The output must contain exactly the lines from the top of the listing below through the line containing "Mexen Pablo 1-bowl", and no pictures.

=== Data ===
+-------+
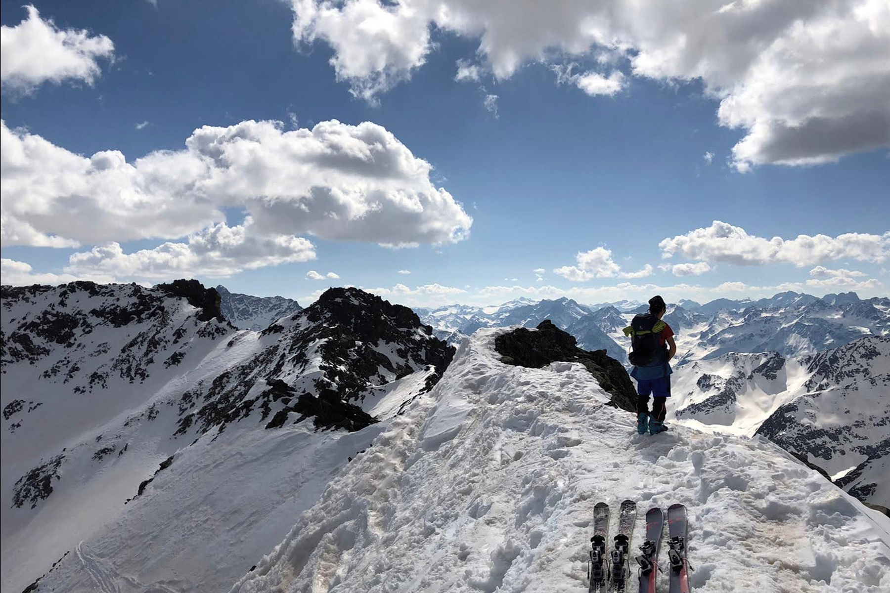 Meist muss man hier am Sattel ein Skidepot errichten und über den breiten Südrücken in wenigen Minuten aufwärts zum Gipfelkreuz aufsteigen. Oben angekommen kann genießt man bei guten Wetterverhältnissen eine tolle Fernsicht auf die umliegenden Gipfel der Stubaier Alpen im Osten und Süden, der Ötztaler Alpen im Südwesten und Westen, des Karwendel und der Lechtaler Alpen im Nordwesten und Norden. Im Osten blickt man hinab ins Inntal.
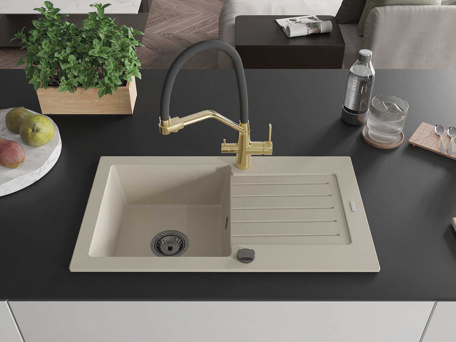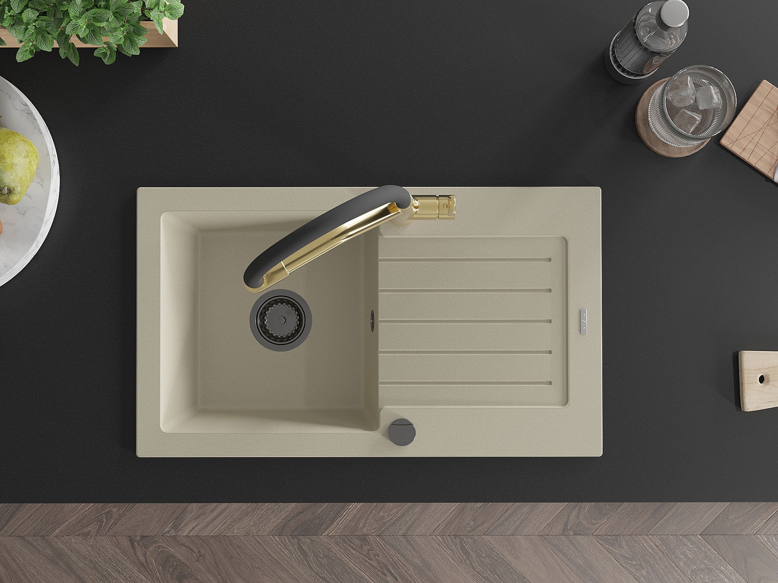 Mexen Pablo 1-bowl granite kitchen sink with drainer and Duo kitchen tap, beige - 6510-69-671701-57-B
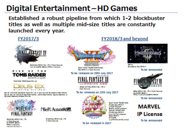 Entre os principais nomes, estão a nova IP da empresa em conjunto com a Marvel, que teve seu desenvolvimento iniciado recentemente, além dos já citados FF VII Remake e KH3.
+-------+
=== Your solution ===
 Meist muss man hier am Sattel ein Skidepot errichten und über den breiten Südrücken in wenigen Minuten aufwärts zum Gipfelkreuz aufsteigen. Oben angekommen kann genießt man bei guten Wetterverhältnissen eine tolle Fernsicht auf die umliegenden Gipfel der Stubaier Alpen im Osten und Süden, der Ötztaler Alpen im Südwesten und Westen, des Karwendel und der Lechtaler Alpen im Nordwesten und Norden. Im Osten blickt man hinab ins Inntal.
 Mexen Pablo 1-bowl granite kitchen sink with drainer and Duo kitchen tap, beige - 6510-69-671701-57-B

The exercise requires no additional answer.